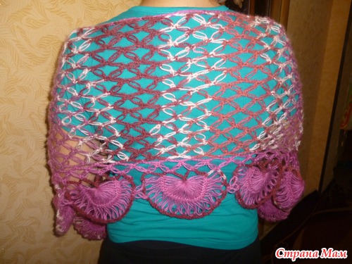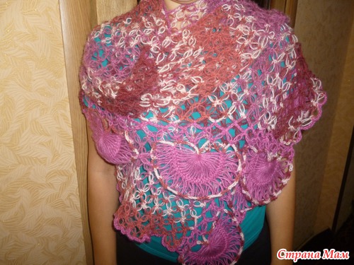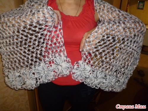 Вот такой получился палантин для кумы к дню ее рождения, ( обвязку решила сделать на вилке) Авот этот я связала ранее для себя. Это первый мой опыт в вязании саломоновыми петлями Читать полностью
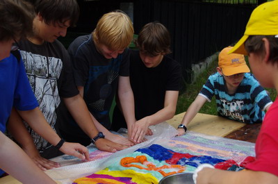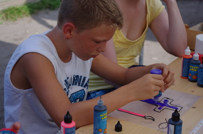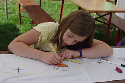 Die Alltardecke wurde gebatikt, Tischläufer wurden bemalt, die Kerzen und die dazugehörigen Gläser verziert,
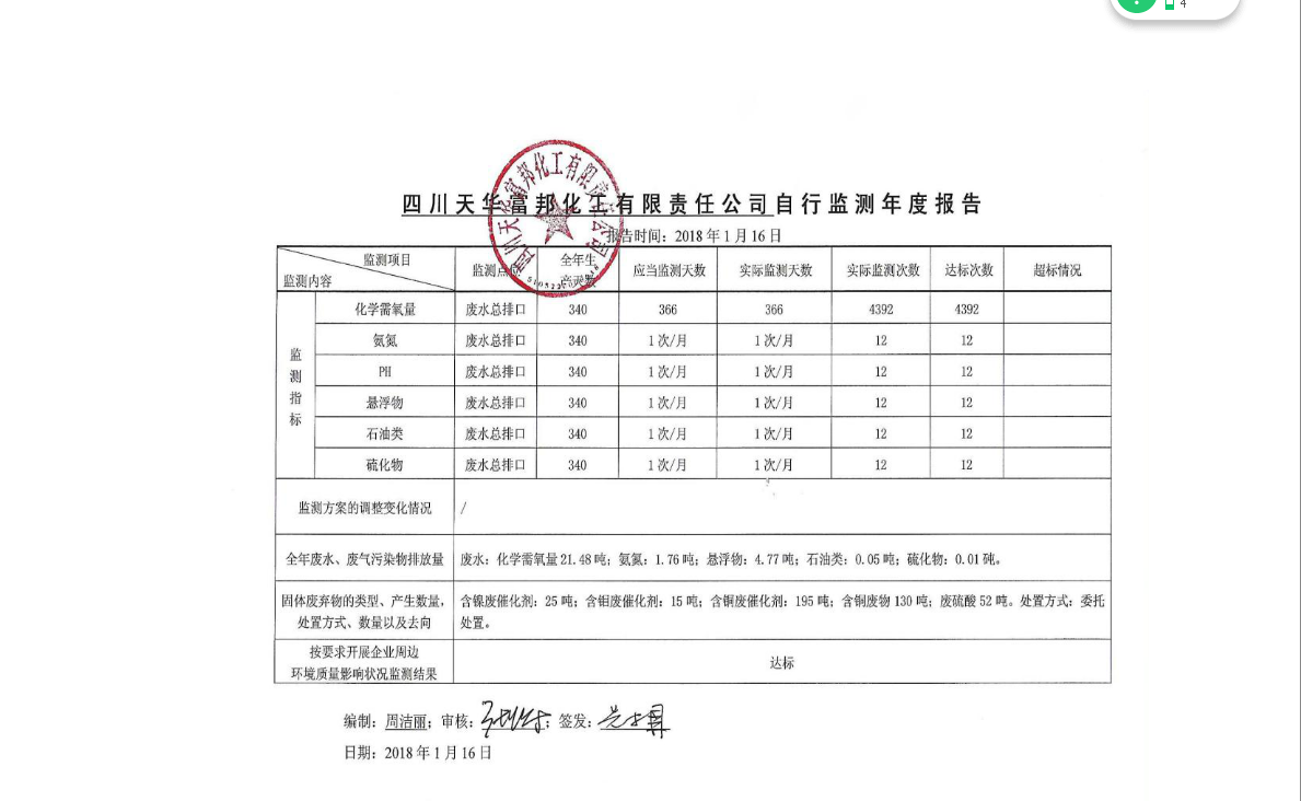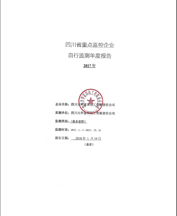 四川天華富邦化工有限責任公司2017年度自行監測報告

Aim of the task:
Leave the pictures out. Otherwise, output the listing above exactly.

Result of the task:
 Вот такой получился палантин для кумы к дню ее рождения, ( обвязку решила сделать на вилке) Авот этот я связала ранее для себя. Это первый мой опыт в вязании саломоновыми петлями Читать полностью
 Die Alltardecke wurde gebatikt, Tischläufer wurden bemalt, die Kerzen und die dazugehörigen Gläser verziert,
 四川天華富邦化工有限責任公司2017年度自行監測報告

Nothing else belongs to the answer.